Se a tua investigação é financiada pela Fundação para a Ciência e a Tecnologia (FCT), existe agora uma obrigação legal clara: os resultados têm de ser acessíveis em acesso aberto. A Política de Acesso Aberto a Publicações Científicas da FCT entrou em vigor a 7 de fevereiro de 2025 — e ao completar um ano de vigência em 2026, já afeta milhares de bolseiros e investigadores cujos financiamentos foram aprovados após essa data. Perceber exatamente o que tens de cumprir, como depositar e que licenças aplicar é essencial para não perderes o grau ou comprometeres a elegibilidade a financiamentos futuros.

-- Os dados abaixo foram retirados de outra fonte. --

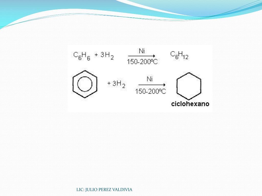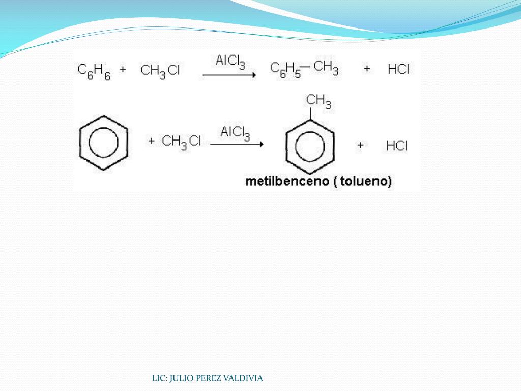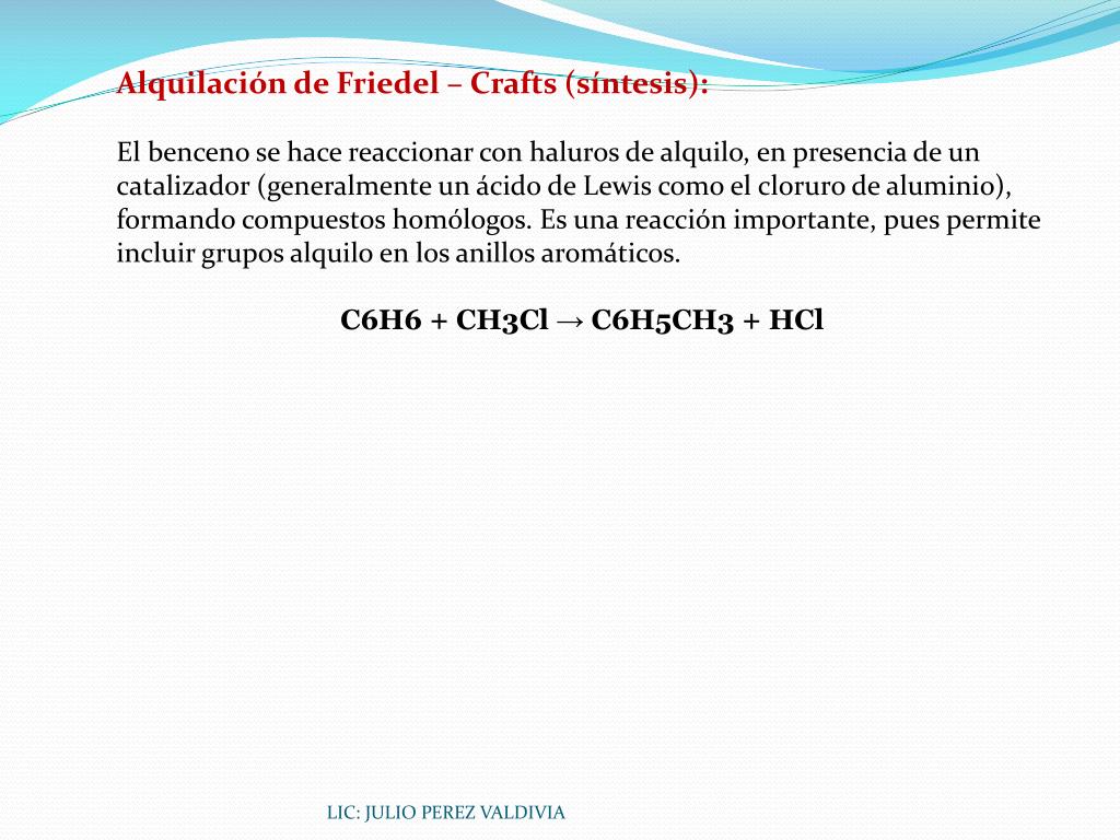 Alquilación de Friedel – Crafts (síntesis): El benceno se hace reaccionar con haluros de alquilo, en presencia de un catalizador (generalmente un ácido de Lewis como el cloruro de aluminio), formando compuestos homólogos. Es una reacción importante, pues permite incluir grupos alquilo en los anillos aromáticos. C6H6 + CH3Cl → C6H5CH3 + HCl LIC: JULIO PEREZ VALDIVIA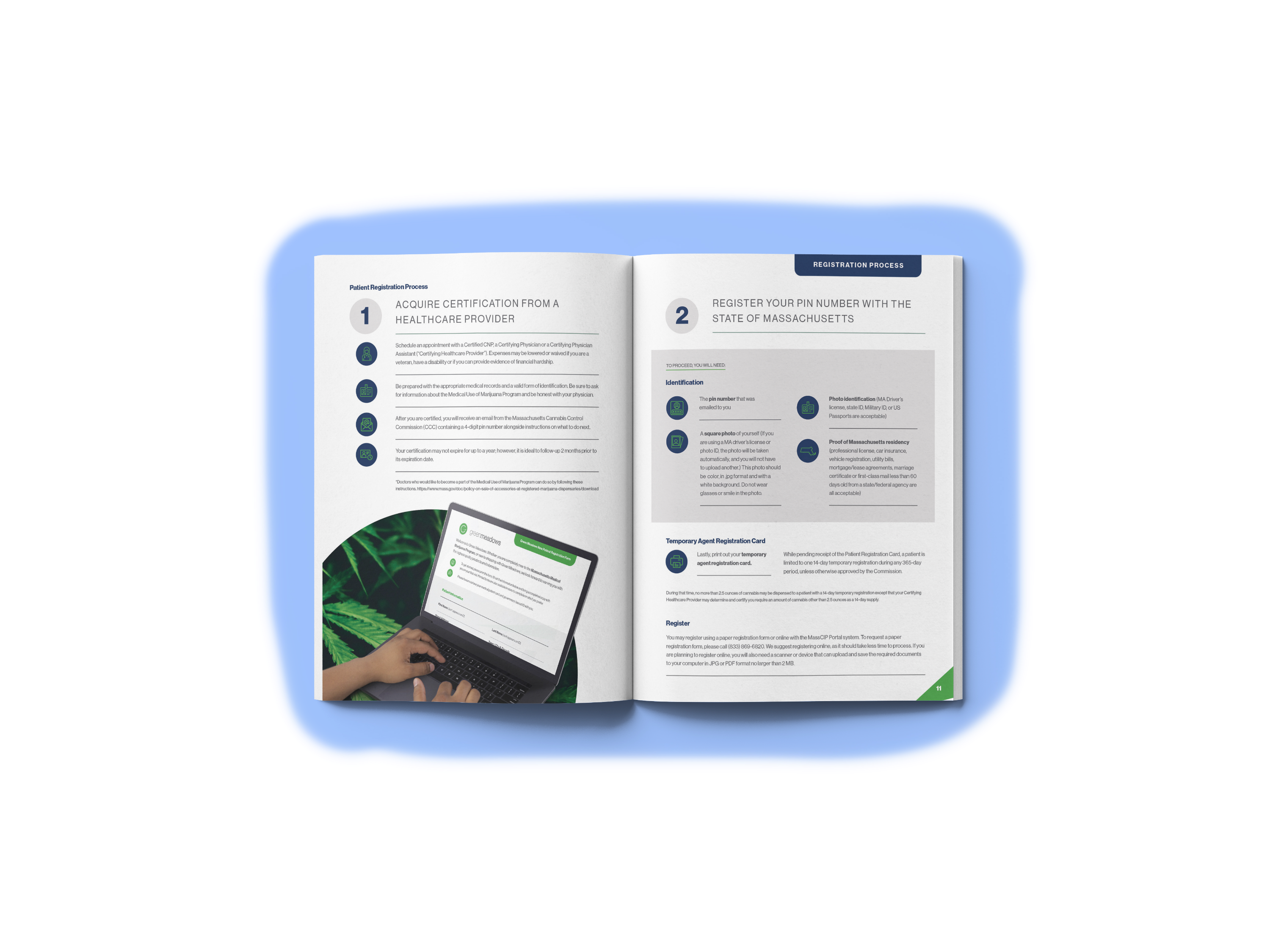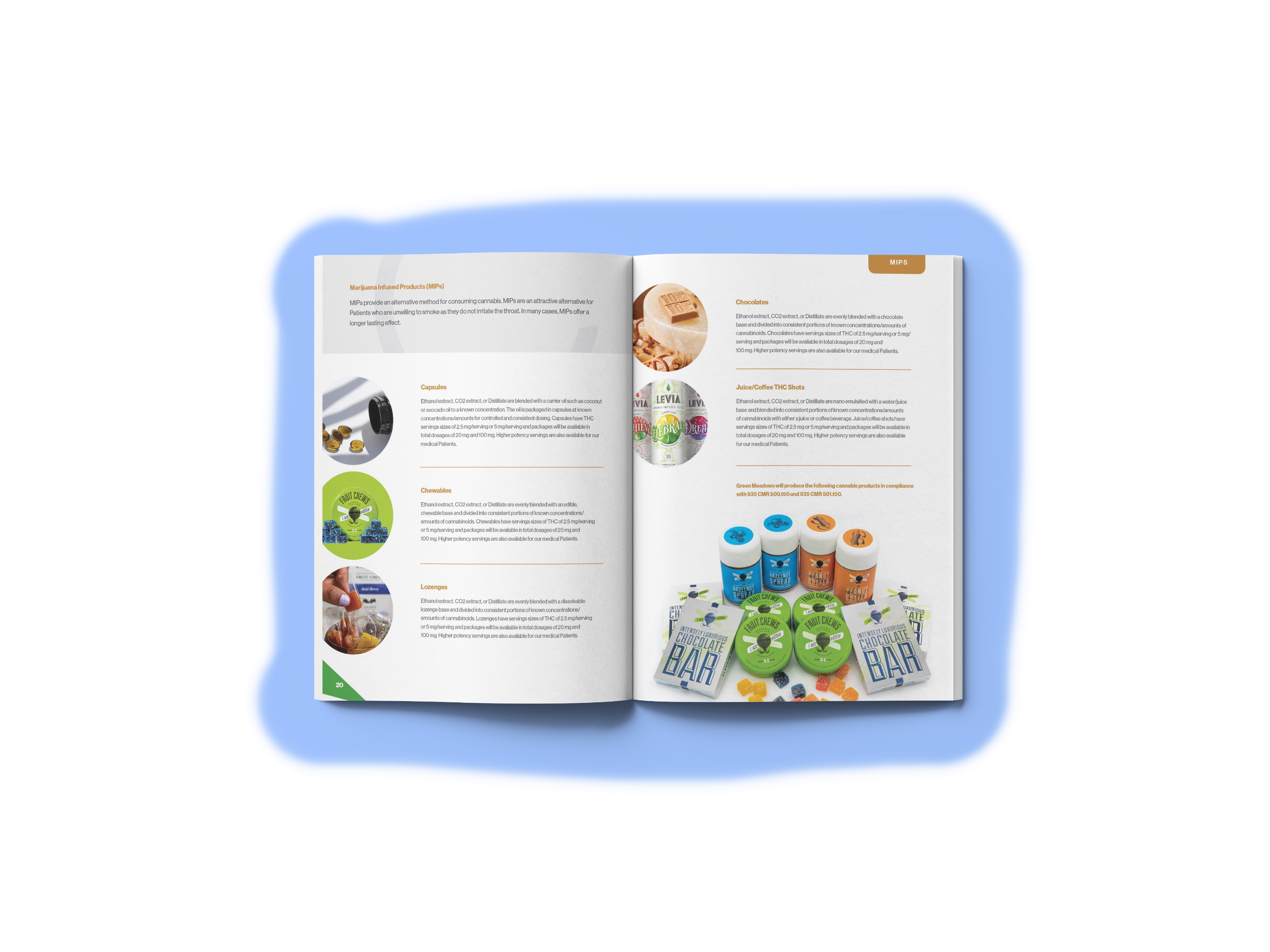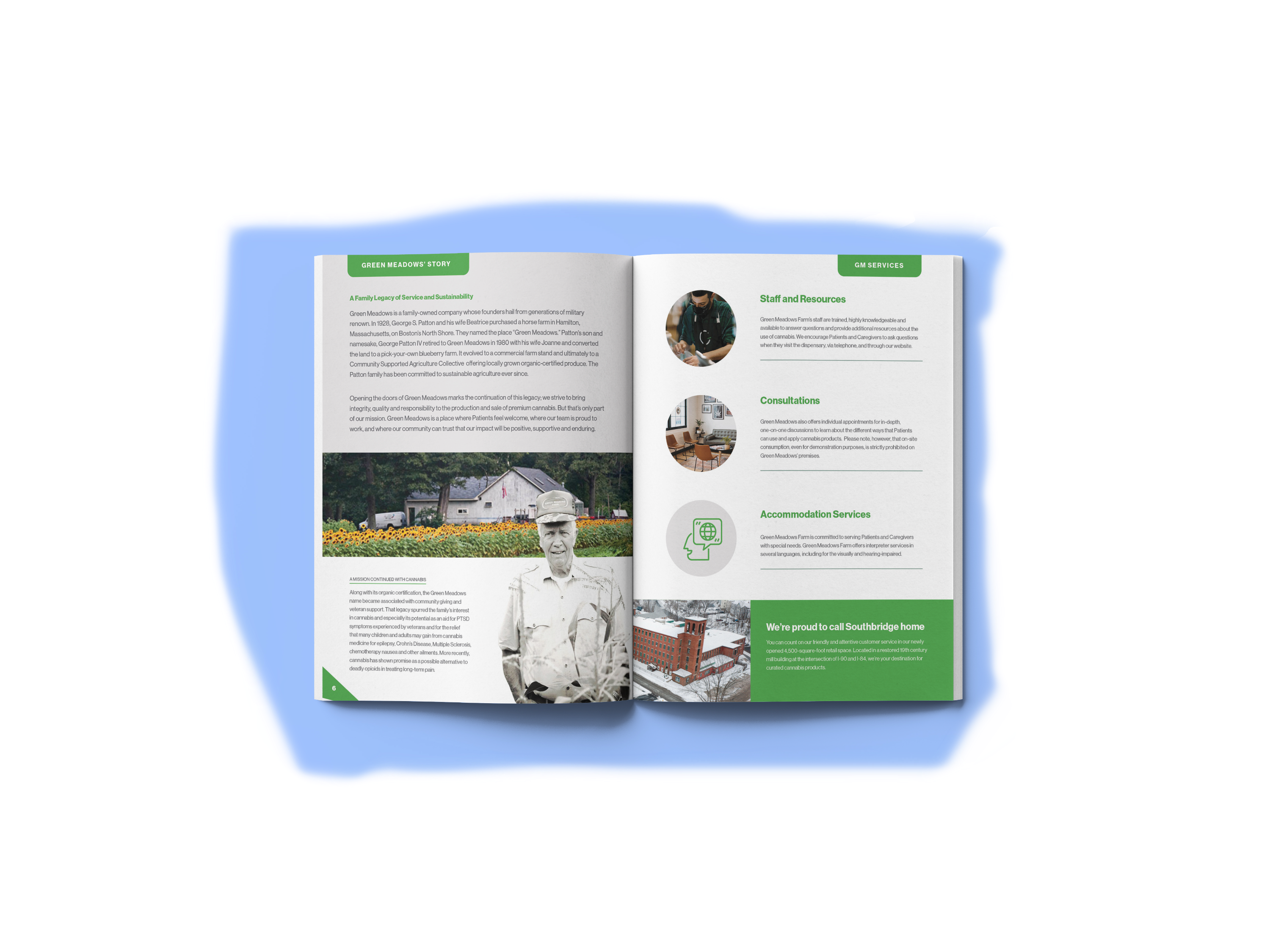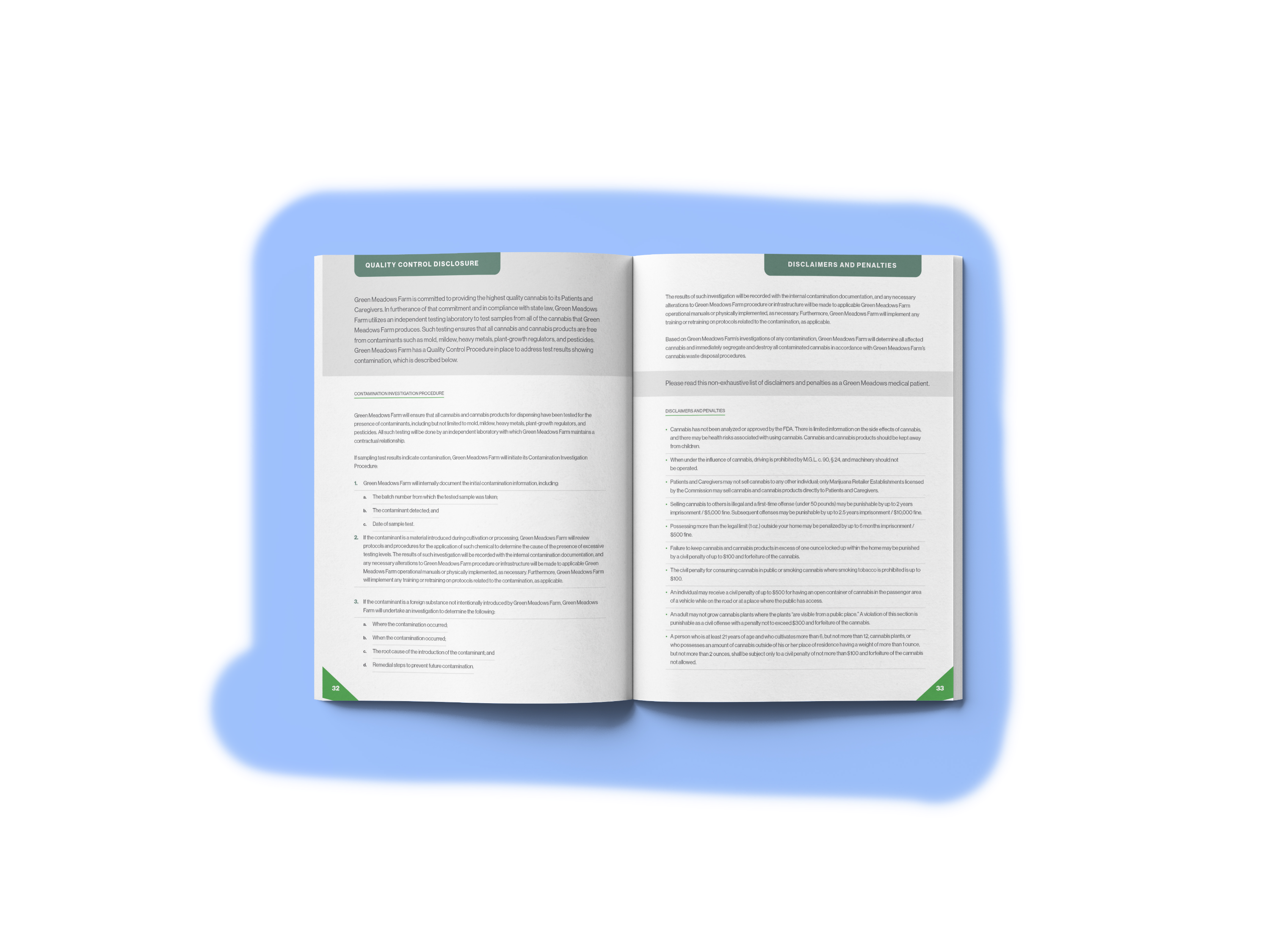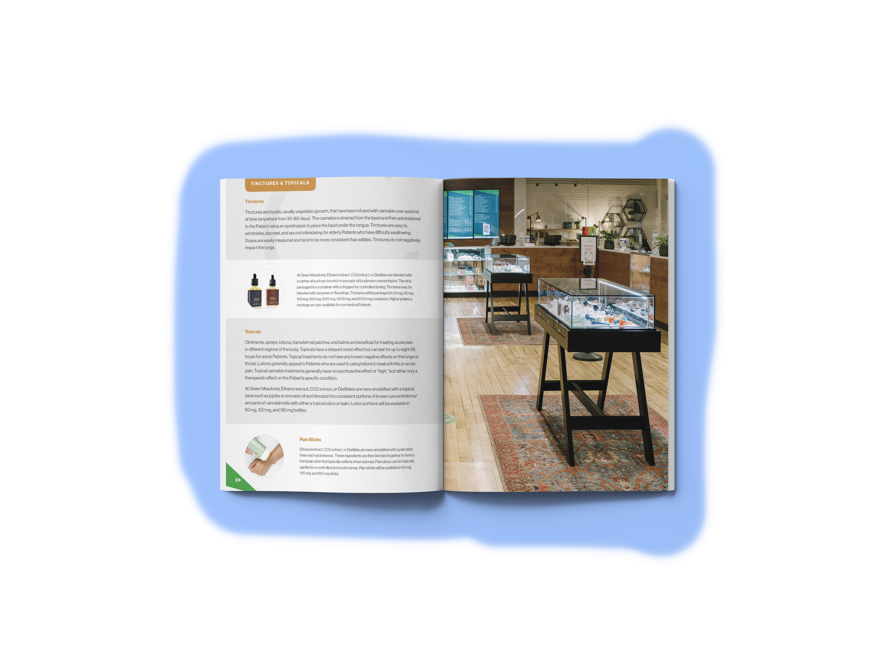 A cornerstone of Green Meadows' mission is to cultivate organic, quality cannabis as an opioid-alternative to PTSD patients. Launching Green Meadows' medical-use program was a top priority that required customer education across social media and printed materials. In particular, the Patient Handbook is a tool to provide to each medical-use patient when they step into Green Meadows seeking relief.

O plano da FCT não se limita a artigos de revistas. Cobre teses de doutoramento, dissertações de mestrado, livros, capítulos e monografias. Ao mesmo tempo, Portugal integrou-se na plataforma europeia Open Research Europe (ORE) e reafirmou o RCAAP como infraestrutura nacional central. Neste guia definitivo encontras todos os requisitos, prazos, licenças aceites, e como depositar dados de investigação nos repositórios FAIR — Zenodo, Dryad e B2SHARE.

Resumo rápido: A Política de Acesso Aberto da FCT obriga ao depósito gratuito no RCAAP no prazo de 60 dias após a obtenção do grau ou publicação, com licença Creative Commons (CC-BY, CC-BY-NC, CC-BY-ND ou CC-BY-NC-ND). Aplica-se a candidaturas FCT cujo prazo encerrou após 7/2/2025. Embargos até 12 meses são permitidos para teses com vista a patente ou publicação em livro.

O Que é a Política de Acesso Aberto da FCT 2025/2026

A Política de Acesso Aberto a Publicações Científicas da FCT foi aprovada e publicada em fevereiro de 2025, substituindo a versão anterior de 2014. A base jurídica assenta na Resolução do Conselho de Ministros n.º 21/2016 e no Decreto-Lei n.º 63/2019, que estabelecem princípios de acesso aberto à produção científica financiada por fundos públicos em Portugal.

A data de corte é fundamental: a nova política aplica-se a qualquer financiamento FCT cujo prazo de candidatura tenha encerrado após 7 de fevereiro de 2025. Isto significa que bolseiros e investigadores com contratos, projetos ou bolsas aprovadas a partir dessa data estão obrigados a cumprir os novos requisitos. Projetos aprovados antes continuam sujeitos à política anterior, mas a FCT encoraja a adoção voluntária.

O sítio de apoio à conformidade está disponível em acessoaberto.fct.pt, onde encontras perguntas frequentes, o mecanismo de retenção de direitos e guias por tipo de publicação.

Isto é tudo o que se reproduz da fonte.